Hi, my first post on the forum.
Im 44 years of age, divorsed now for 5 years who has equal parenting to my 12 year old daughter.
I have been in a relationship now for 4 years to a woman I met onlne.
She and her son moved in with me after 6 months and as a family, we functioned extremely well for 95% of the time.
We both came in with baggage of differing sorts, mine relating to my marriage and hers relating to a volatile upbringing concerning her parents.
We both function well together most of the time, however when conflict arose, things would go south rapidly. Unfortunately my partner has suffered with PMT and if conflict arose at the same time, the result would pretty well be inevitable.
Whilst I am the sort of person who is resilient and will take a battering before reacting, she would come out swinging (not literally), within seconds.
I do my best to take what she dishes out without reacting and for the most part, I succeed.
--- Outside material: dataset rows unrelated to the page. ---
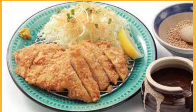
Pork fillet cutlet ¥1,100 Pork fillet cutlet set meal ¥1,390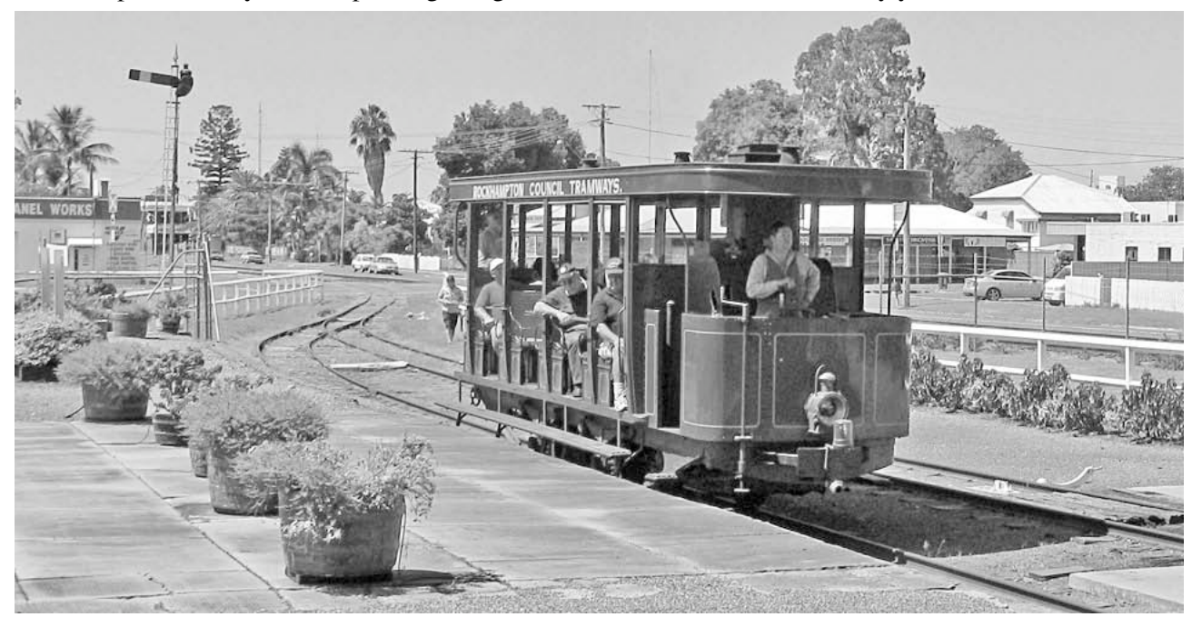
ATRQ members from around Queensland enjoyed a ride on Archer Park's Purrey Tram, during the Sunday operating session, 01/03/09.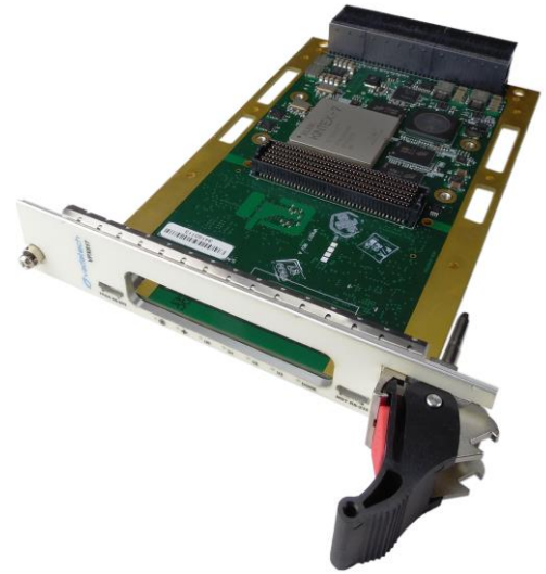
Figure 1: VPX517

Please contact VadaTech for details of Conduction Cooled versions.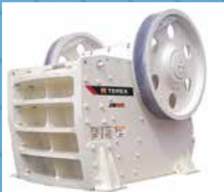
CJ3077: 55" x 32" TEREX JAQUES JAW CRUSHER: Single Toggle - Model JW55. Condition: Unused

We have the largest stock of second hand WARMAN PUMPS in Australia. Offered fully Refurbished in sizes from 1x3/4 up to 20/20. In the following models SC,AH,HH,M,L,D,G,GH,TC,GPS,SP.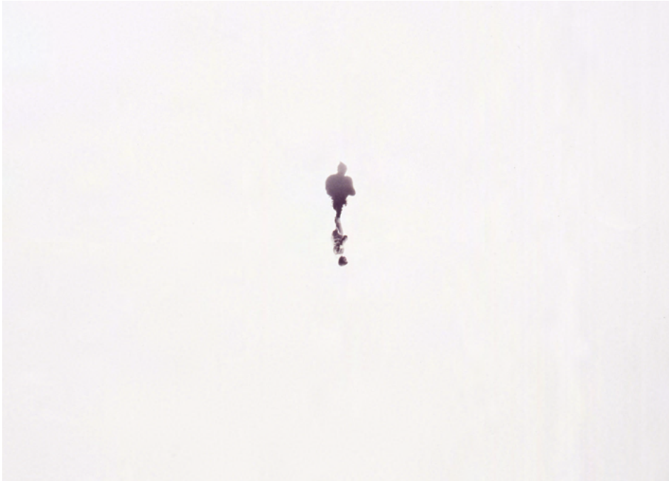
4 Peggy Preheim, Check-mate , 2008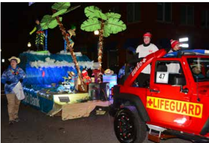
October 31: Halloween Parade Grand Champion – First Mid Bank & Trust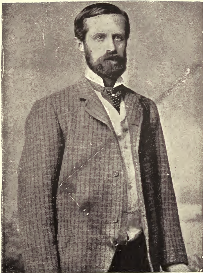
His Excellency the Governor-General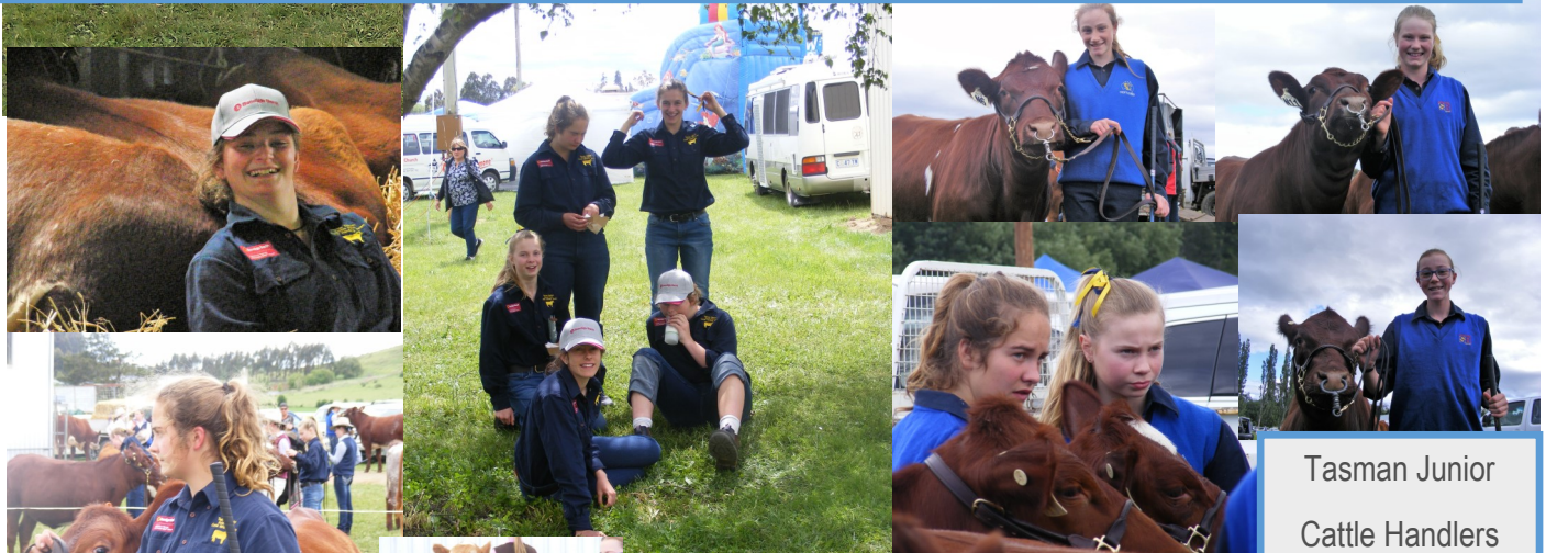
Tasman Junior Cattle Handlers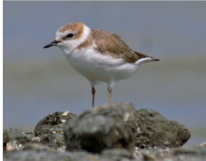
Plate 6. Adult female Charadrius [alexandrinus] dealbatus , breeding plumage (early February onwards), Tanjung Tokong, Penang, Malaysia, 6 February 2007.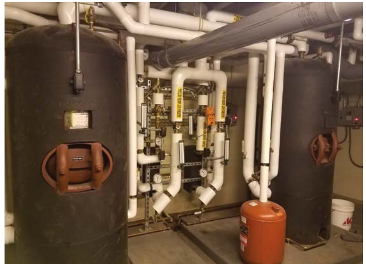
Domestic hot water storage tanks and heat exchangers were also installed.

H omestead Village is an exceptional Life Plan Community situated on 90 beautiful, tree-lined acres, conveniently located in the heart of Lancaster County. Proud of its strong values and rich heritage, Homestead Village strives to enhance the everyday lives of its residents.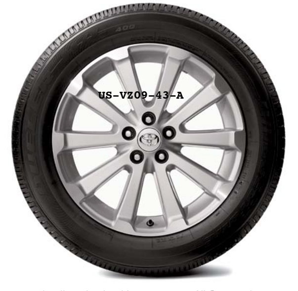
19-in. alloy wheels with P245/55R19 All-Season tires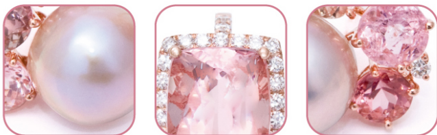
Adorable Morganite and diamond ring with sugar pink tourmaline and pearl earrings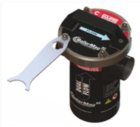
Unscrew and Remove Domed Nuts / Washers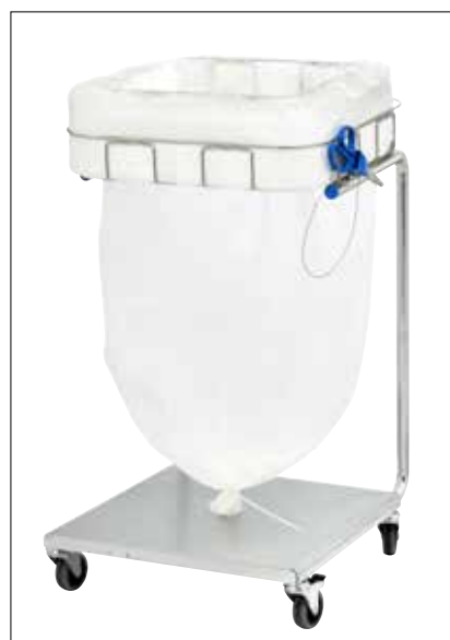
Stand Dynamic Maxi/Maxi Pedal

There have been times where my limit gets reached and I fire back and Im ashamed to say, I can be hurtful.
I have been working on this and now can usually respond in a loving way, but damage has been done.
She moved out 12 months ago after an argument involving a insignificant lie being told between our children.
At the time of the incident, I knew how she would react and prompted her from the beginning to sort this with me as responsible parents. Instead, she blew up and accused my daughter of being the culprit and would have no part in actively dealing with the situation together, regardless of who was at fault.
Since then, although we live seperately, I still see them. Im expected to be the 'Dad' to her son, which is fine, but she will not have a bar of my daughter.
I cant raise the issue as it escalates and I am doing what I can to avoid this, so the way things are is that when I dont have my daughter, I am welcomed, but when I do, I cannot be with them.
As someone who is family orientated, being restricted like this is painful. My partner knows this but wont relent.
I am a aproactive sort of person who seeks out answers to problems and have done so in this case, but I cannot do anything to make my partner see how much I am hurting.
She recently had a minor breakdown, overworked, no time etc.
I have supported her in every possible way I can from financial support to meals, to offering virtually anything and I am getting nothing in return.
She will no longer say that she loves me, wont hold me, its like shes talking to a mate, not someone that means anything to her.
I cant bring it up as it is regarded as giving her more to deal with, so I simply try and deal with it myself.
Ive never handled rejection well, particularly from people I care for.
I can sense the effect its having one me, it feels like my tank is leaking faster than I can fill it.
I understand most would simply suggest I walk away and I can understand that, but from my point of view, there is no real reason for any of this. Every couple have their moments and most deal with them efectively. I just cant get her to buy into a responsible method to deal with conflict. Hers is to cut and run and Im left to work my butt of to mend things.
So the question is, do I stick this out or do I cut my loses and try again ?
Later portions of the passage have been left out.